-- SUPPLIED DATA follows --

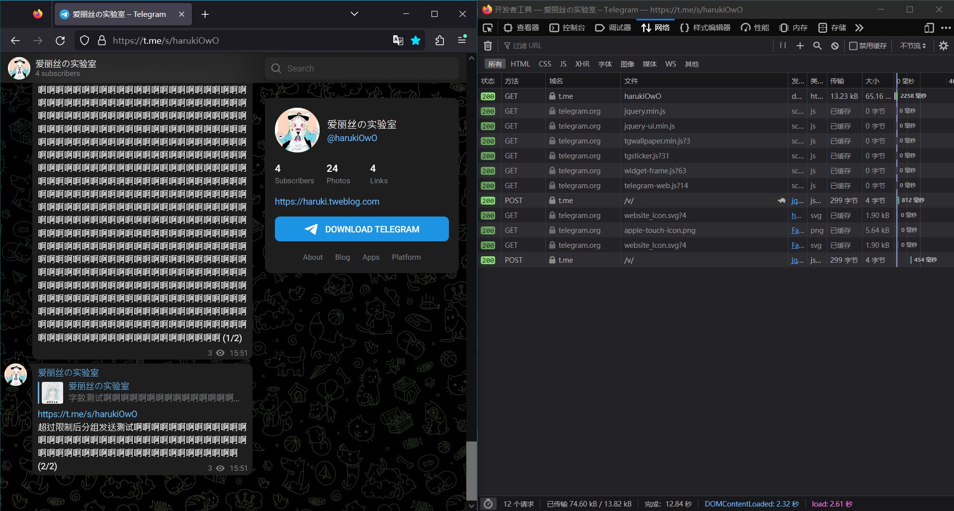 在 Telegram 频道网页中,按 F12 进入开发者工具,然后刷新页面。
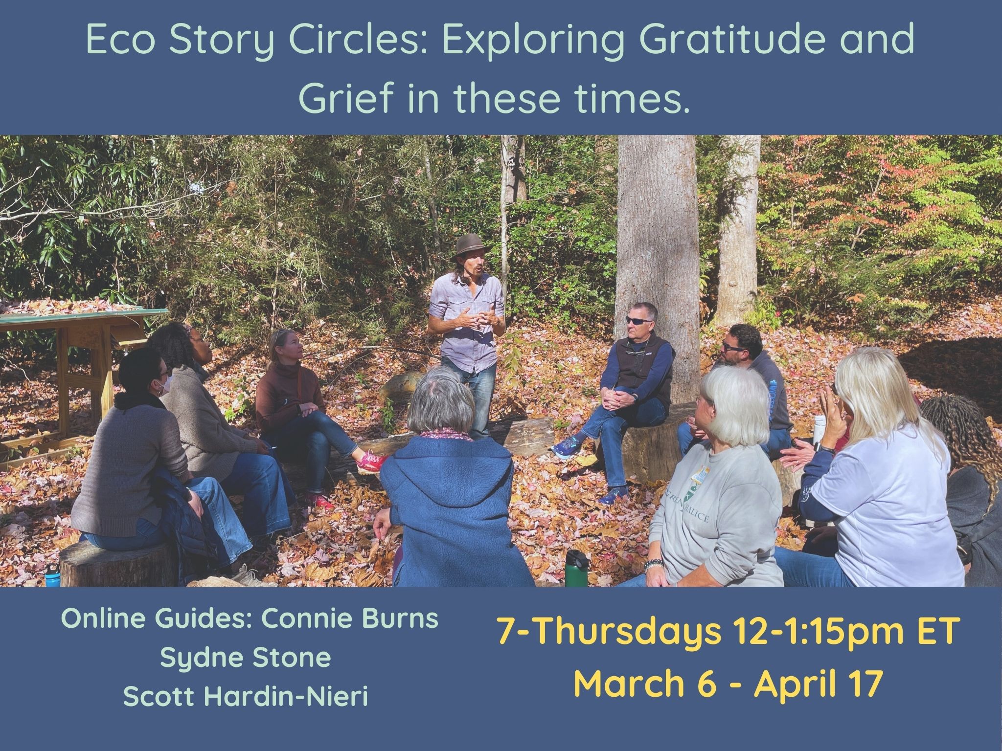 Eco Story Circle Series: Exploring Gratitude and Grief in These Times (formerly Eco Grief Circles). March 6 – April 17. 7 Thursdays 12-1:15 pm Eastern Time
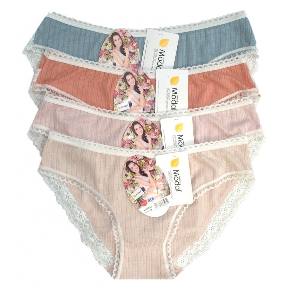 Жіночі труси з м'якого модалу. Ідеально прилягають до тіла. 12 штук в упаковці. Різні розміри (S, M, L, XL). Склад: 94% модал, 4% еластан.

-- SUPPLIED DATA concluded --
-- SUPPLIED DATA follows --

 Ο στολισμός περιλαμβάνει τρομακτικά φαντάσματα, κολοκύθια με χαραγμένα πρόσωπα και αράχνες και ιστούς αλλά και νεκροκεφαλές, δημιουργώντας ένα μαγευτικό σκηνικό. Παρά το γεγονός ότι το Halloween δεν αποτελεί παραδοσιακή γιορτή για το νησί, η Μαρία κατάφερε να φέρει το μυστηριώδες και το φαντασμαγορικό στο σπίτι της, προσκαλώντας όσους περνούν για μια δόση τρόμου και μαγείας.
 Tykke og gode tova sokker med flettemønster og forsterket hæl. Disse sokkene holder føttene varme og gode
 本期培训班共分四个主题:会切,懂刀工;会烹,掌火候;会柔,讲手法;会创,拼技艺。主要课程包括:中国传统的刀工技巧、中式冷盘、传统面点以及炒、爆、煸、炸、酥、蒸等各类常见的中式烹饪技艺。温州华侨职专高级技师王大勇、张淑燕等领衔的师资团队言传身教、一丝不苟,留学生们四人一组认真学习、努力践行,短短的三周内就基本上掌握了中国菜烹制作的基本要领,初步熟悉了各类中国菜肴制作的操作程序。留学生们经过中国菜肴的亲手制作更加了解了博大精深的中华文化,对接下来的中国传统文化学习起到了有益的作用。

-- SUPPLIED DATA concluded --
-- SUPPLIED DATA follows --

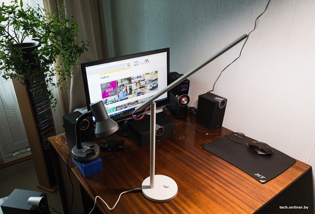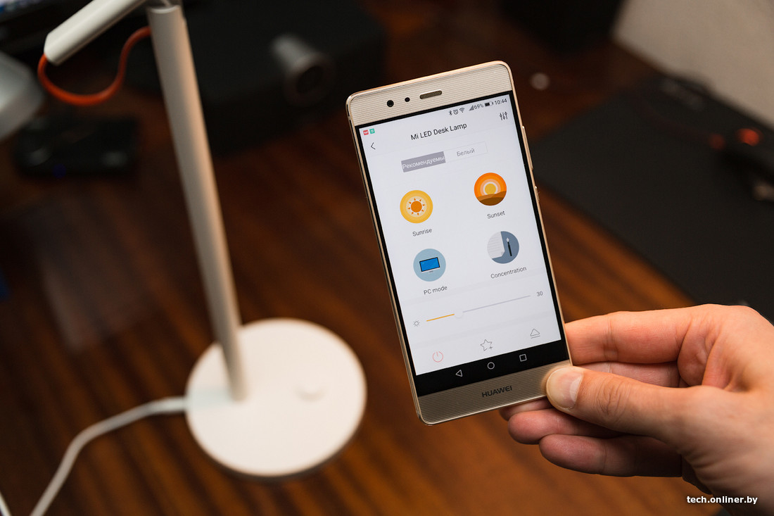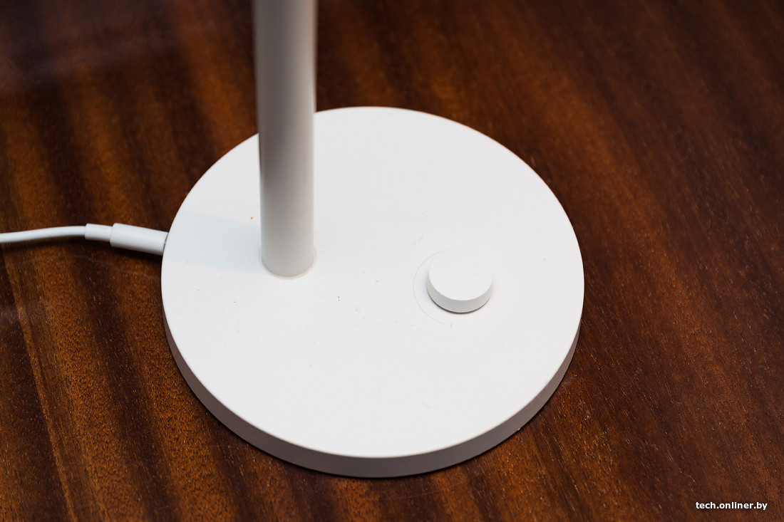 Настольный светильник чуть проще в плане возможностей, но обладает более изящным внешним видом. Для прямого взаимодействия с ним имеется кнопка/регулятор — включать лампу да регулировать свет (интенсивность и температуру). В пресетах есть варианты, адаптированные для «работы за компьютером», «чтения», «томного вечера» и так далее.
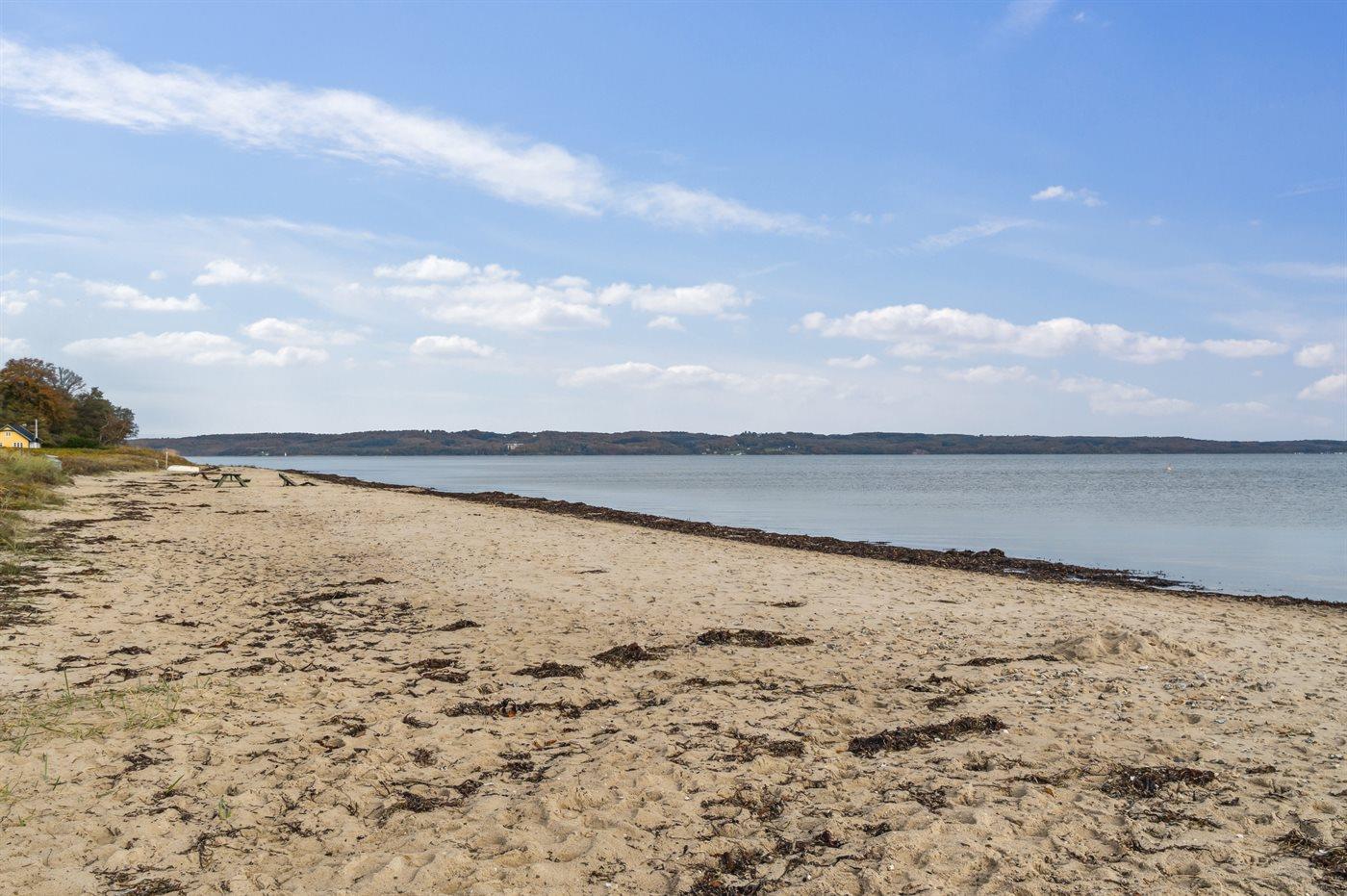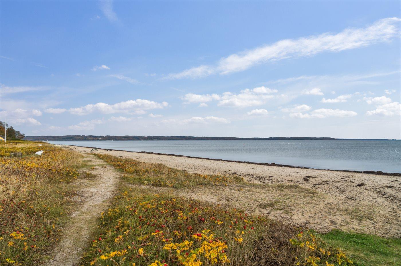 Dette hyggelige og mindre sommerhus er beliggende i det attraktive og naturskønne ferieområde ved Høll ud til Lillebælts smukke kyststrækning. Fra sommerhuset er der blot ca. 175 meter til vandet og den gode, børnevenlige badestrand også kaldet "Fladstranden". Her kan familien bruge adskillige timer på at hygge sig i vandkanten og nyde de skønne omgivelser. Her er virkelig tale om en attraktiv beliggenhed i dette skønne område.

-- SUPPLIED DATA concluded --

WHAT IS EXPECTED:
Would you output only the span of the records above that opens with the line containing "Eco Story Circle" and closes with the line containing "Жіночі труси з", ends included and pictures dropped?

RESPONSE AREA:
 Eco Story Circle Series: Exploring Gratitude and Grief in These Times (formerly Eco Grief Circles). March 6 – April 17. 7 Thursdays 12-1:15 pm Eastern Time
 Жіночі труси з м'якого модалу. Ідеально прилягають до тіла. 12 штук в упаковці. Різні розміри (S, M, L, XL). Склад: 94% модал, 4% еластан.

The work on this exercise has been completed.